[Exercise data]

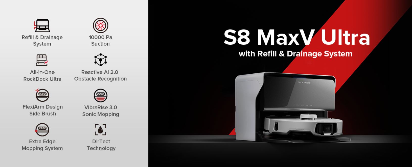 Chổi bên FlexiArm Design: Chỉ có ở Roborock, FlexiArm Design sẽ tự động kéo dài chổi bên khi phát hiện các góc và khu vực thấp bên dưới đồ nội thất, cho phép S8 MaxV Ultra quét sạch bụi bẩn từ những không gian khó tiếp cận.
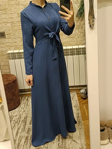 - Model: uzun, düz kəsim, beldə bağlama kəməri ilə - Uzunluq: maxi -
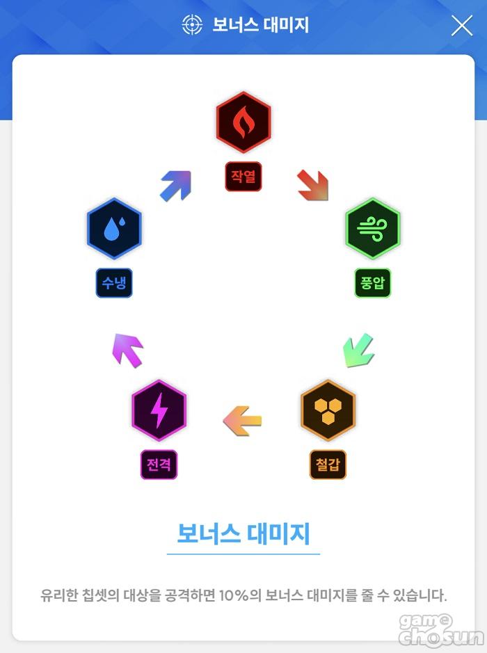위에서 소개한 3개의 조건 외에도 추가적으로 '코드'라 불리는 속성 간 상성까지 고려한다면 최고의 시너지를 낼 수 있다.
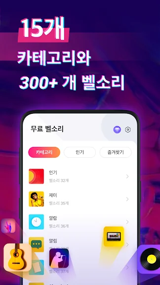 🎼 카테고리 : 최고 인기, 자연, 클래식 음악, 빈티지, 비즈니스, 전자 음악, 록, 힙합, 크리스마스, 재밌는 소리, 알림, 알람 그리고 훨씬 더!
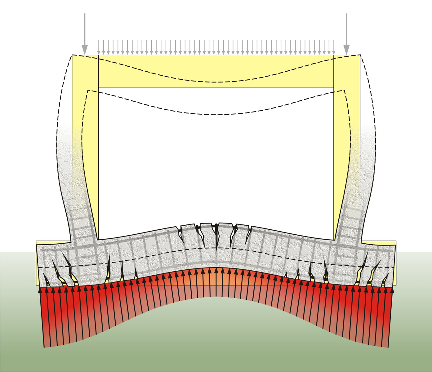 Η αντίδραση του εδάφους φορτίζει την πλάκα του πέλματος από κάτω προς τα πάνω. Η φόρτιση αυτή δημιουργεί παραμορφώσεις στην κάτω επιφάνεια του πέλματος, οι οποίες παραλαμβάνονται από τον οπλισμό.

[/Exercise data]

# Assignment
Leave out the pictures and repeat exactly the lines from the one containing "알람 그리고 훨씬 더!" through the last line of the entries.

# Task output
 🎼 카테고리 : 최고 인기, 자연, 클래식 음악, 빈티지, 비즈니스, 전자 음악, 록, 힙합, 크리스마스, 재밌는 소리, 알림, 알람 그리고 훨씬 더!
 Η αντίδραση του εδάφους φορτίζει την πλάκα του πέλματος από κάτω προς τα πάνω. Η φόρτιση αυτή δημιουργεί παραμορφώσεις στην κάτω επιφάνεια του πέλματος, οι οποίες παραλαμβάνονται από τον οπλισμό.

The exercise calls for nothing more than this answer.